• [Input material]
- Opening Delimiter -
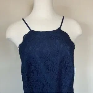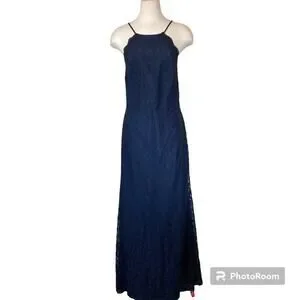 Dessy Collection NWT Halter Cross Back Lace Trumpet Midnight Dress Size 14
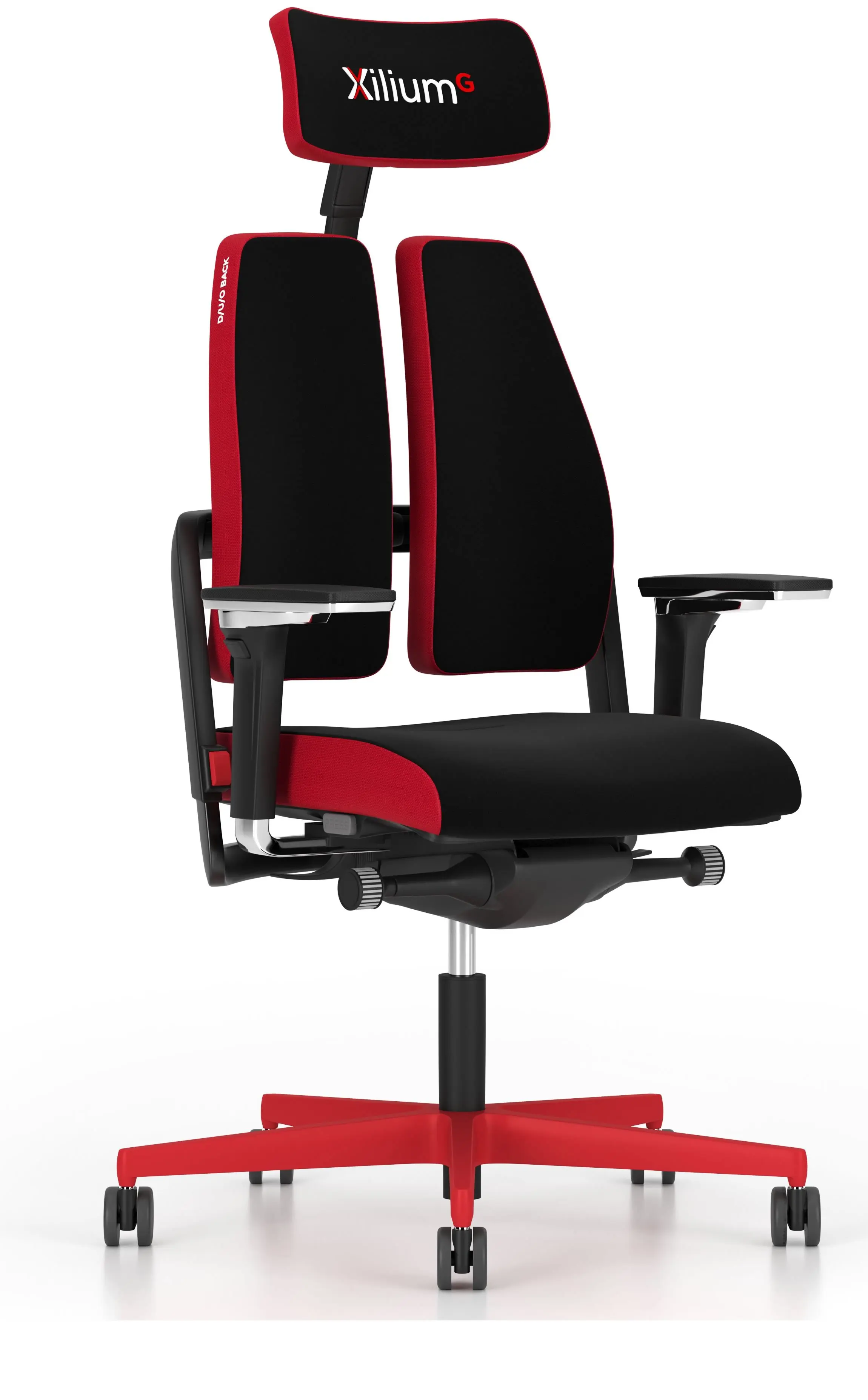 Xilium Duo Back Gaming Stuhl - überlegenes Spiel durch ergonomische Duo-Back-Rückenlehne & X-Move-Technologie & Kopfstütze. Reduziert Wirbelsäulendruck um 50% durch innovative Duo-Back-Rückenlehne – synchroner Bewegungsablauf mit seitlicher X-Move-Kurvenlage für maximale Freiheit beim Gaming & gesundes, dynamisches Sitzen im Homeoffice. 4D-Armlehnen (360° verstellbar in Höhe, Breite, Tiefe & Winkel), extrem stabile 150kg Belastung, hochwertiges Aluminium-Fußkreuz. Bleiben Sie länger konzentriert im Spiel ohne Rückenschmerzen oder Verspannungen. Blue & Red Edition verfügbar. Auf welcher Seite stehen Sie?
- Closing Delimiter -
- Opening Delimiter -
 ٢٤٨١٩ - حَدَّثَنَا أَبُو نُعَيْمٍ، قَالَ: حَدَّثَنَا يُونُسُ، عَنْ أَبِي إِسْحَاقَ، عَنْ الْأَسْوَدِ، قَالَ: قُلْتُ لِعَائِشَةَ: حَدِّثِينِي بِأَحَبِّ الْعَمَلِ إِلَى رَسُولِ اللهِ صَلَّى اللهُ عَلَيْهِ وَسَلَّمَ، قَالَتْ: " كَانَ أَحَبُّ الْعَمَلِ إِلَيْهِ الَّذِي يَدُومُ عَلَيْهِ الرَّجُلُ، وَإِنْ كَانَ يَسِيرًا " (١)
- Closing Delimiter -
• [Work order] Take the material above and output only the lines from the one that contains "Dessy Collection NWT" through the one that contains "Xilium Duo Back", ends included and images left out.

• [Solution to this exercise]
 Dessy Collection NWT Halter Cross Back Lace Trumpet Midnight Dress Size 14
 Xilium Duo Back Gaming Stuhl - überlegenes Spiel durch ergonomische Duo-Back-Rückenlehne & X-Move-Technologie & Kopfstütze. Reduziert Wirbelsäulendruck um 50% durch innovative Duo-Back-Rückenlehne – synchroner Bewegungsablauf mit seitlicher X-Move-Kurvenlage für maximale Freiheit beim Gaming & gesundes, dynamisches Sitzen im Homeoffice. 4D-Armlehnen (360° verstellbar in Höhe, Breite, Tiefe & Winkel), extrem stabile 150kg Belastung, hochwertiges Aluminium-Fußkreuz. Bleiben Sie länger konzentriert im Spiel ohne Rückenschmerzen oder Verspannungen. Blue & Red Edition verfügbar. Auf welcher Seite stehen Sie?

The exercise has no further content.